── TASK INPUTS ──
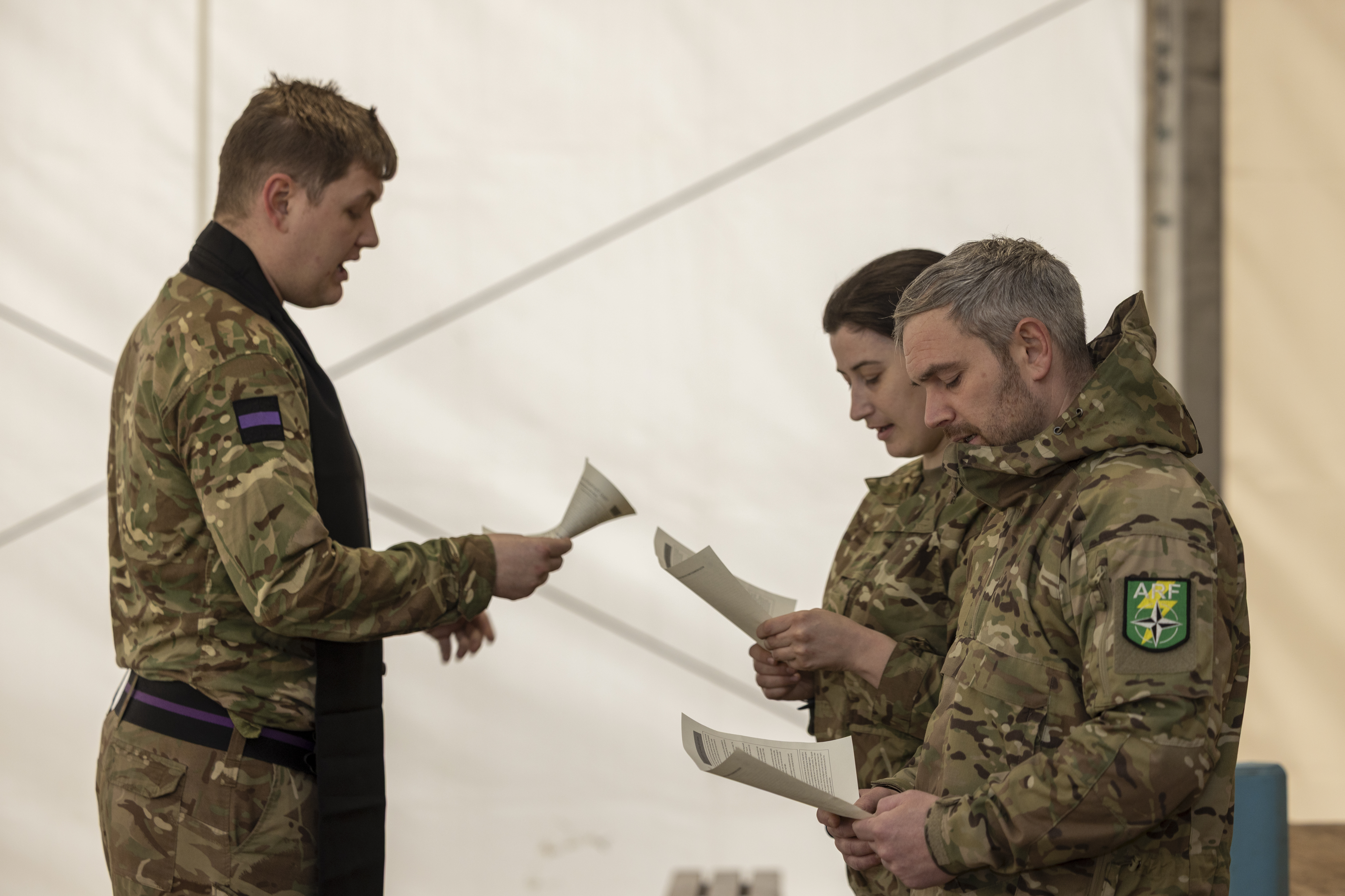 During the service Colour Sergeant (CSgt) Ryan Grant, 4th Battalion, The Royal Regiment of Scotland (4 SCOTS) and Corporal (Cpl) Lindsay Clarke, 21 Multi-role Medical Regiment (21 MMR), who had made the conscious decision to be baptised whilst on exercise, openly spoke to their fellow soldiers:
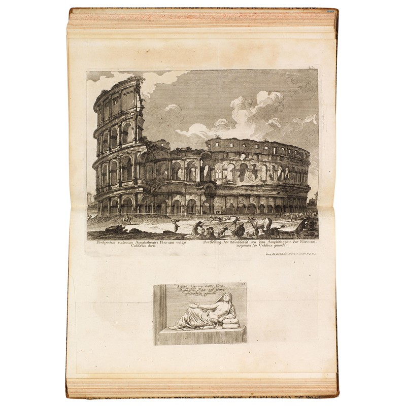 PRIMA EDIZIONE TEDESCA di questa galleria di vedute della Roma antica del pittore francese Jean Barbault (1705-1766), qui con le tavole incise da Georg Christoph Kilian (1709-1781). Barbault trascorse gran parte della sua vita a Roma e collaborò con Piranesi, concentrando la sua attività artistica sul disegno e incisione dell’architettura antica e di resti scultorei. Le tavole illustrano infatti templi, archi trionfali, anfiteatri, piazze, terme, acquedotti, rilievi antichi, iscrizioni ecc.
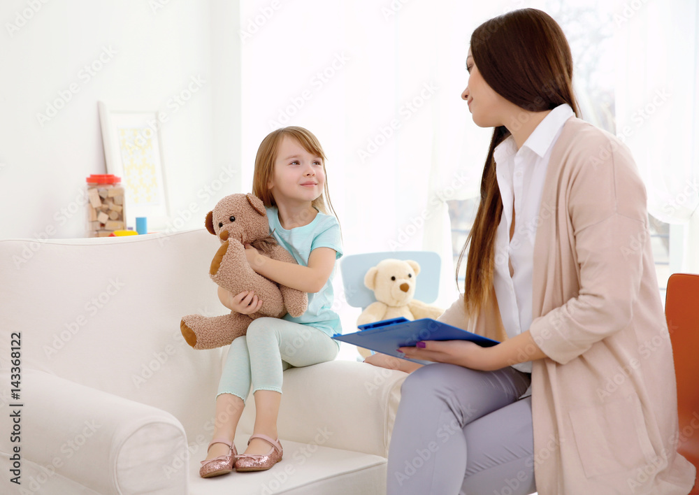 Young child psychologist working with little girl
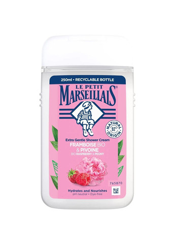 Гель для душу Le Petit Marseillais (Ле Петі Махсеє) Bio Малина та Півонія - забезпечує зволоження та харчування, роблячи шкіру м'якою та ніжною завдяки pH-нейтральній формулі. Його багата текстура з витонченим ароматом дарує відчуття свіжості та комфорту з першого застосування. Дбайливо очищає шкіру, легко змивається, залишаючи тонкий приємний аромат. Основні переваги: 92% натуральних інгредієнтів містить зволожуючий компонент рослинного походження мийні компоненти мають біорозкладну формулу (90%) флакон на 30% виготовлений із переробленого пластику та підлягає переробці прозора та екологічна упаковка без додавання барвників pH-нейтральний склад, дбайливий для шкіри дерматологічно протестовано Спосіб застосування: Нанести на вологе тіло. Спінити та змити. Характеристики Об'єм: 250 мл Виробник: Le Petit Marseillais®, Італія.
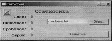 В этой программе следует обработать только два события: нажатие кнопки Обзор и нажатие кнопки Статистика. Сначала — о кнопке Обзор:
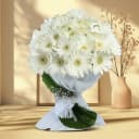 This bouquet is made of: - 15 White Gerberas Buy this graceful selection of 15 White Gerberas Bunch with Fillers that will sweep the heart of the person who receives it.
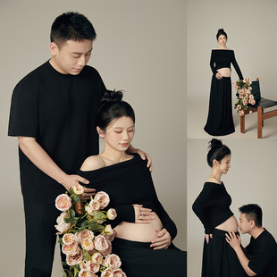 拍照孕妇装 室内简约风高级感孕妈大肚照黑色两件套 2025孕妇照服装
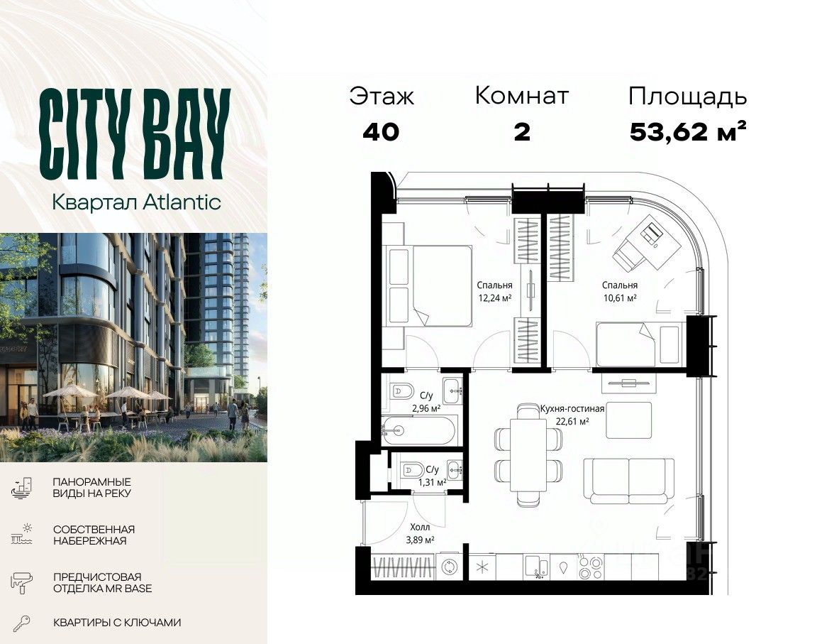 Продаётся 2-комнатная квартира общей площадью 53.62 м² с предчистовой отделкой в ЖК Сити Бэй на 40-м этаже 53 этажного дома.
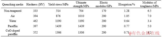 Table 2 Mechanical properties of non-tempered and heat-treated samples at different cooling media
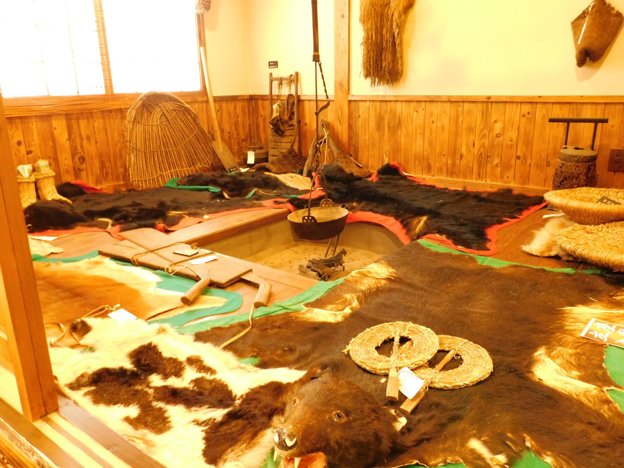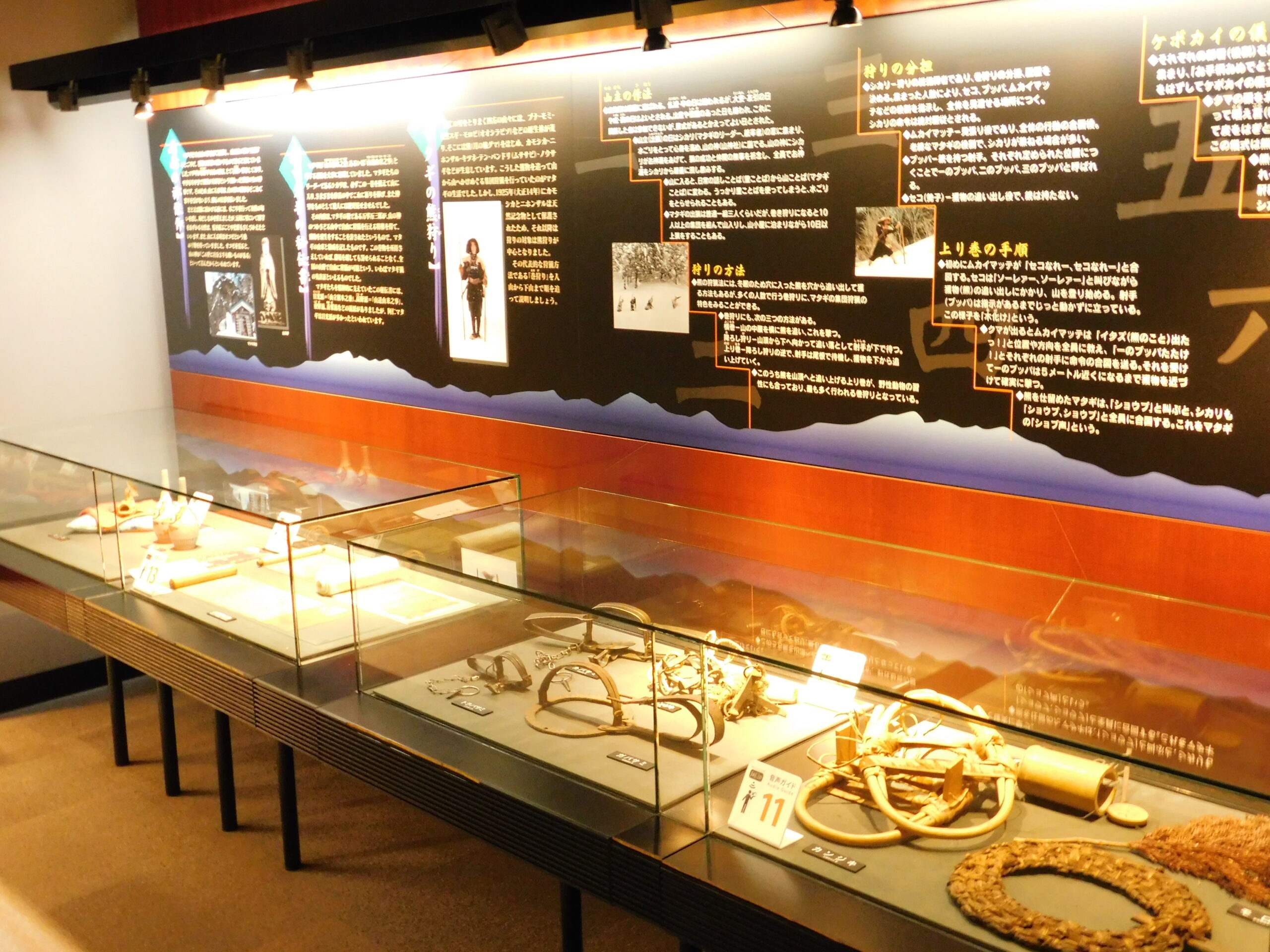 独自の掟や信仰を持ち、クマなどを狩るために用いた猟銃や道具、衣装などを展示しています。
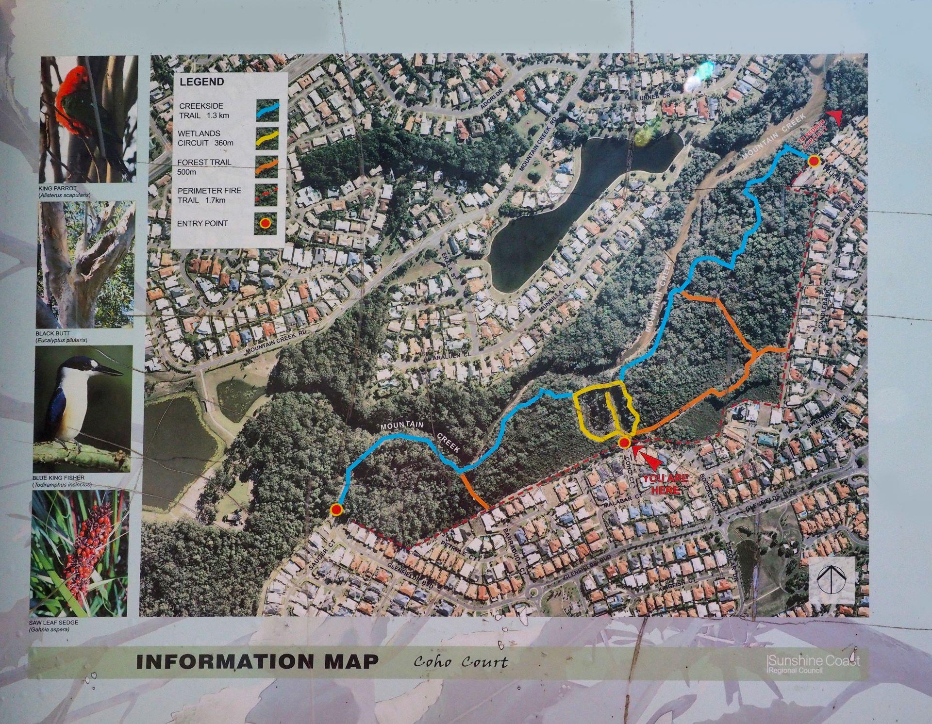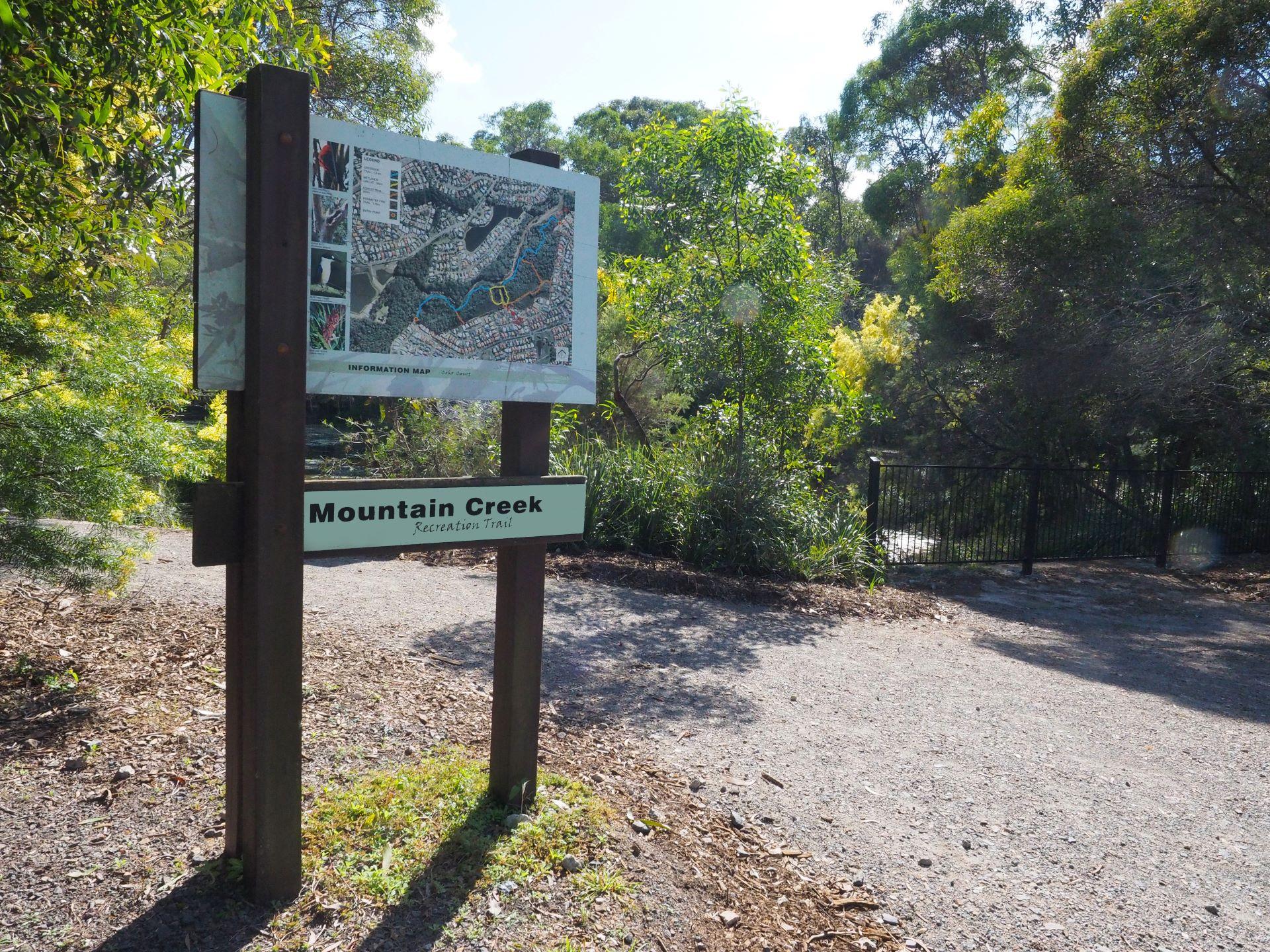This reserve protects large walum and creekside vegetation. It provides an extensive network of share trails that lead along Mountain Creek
───
Please leave out the pictures while you copy exactly the lines from the one containing "拍照孕妇装 室内简约风高级感孕妈大肚照黑色两件套 2025孕妇照服装" through the end of the records.

• _RESULT OF THIS EXERCISE_
 拍照孕妇装 室内简约风高级感孕妈大肚照黑色两件套 2025孕妇照服装
 Продаётся 2-комнатная квартира общей площадью 53.62 м² с предчистовой отделкой в ЖК Сити Бэй на 40-м этаже 53 этажного дома.
 Table 2 Mechanical properties of non-tempered and heat-treated samples at different cooling media
 独自の掟や信仰を持ち、クマなどを狩るために用いた猟銃や道具、衣装などを展示しています。
This reserve protects large walum and creekside vegetation. It provides an extensive network of share trails that lead along Mountain Creek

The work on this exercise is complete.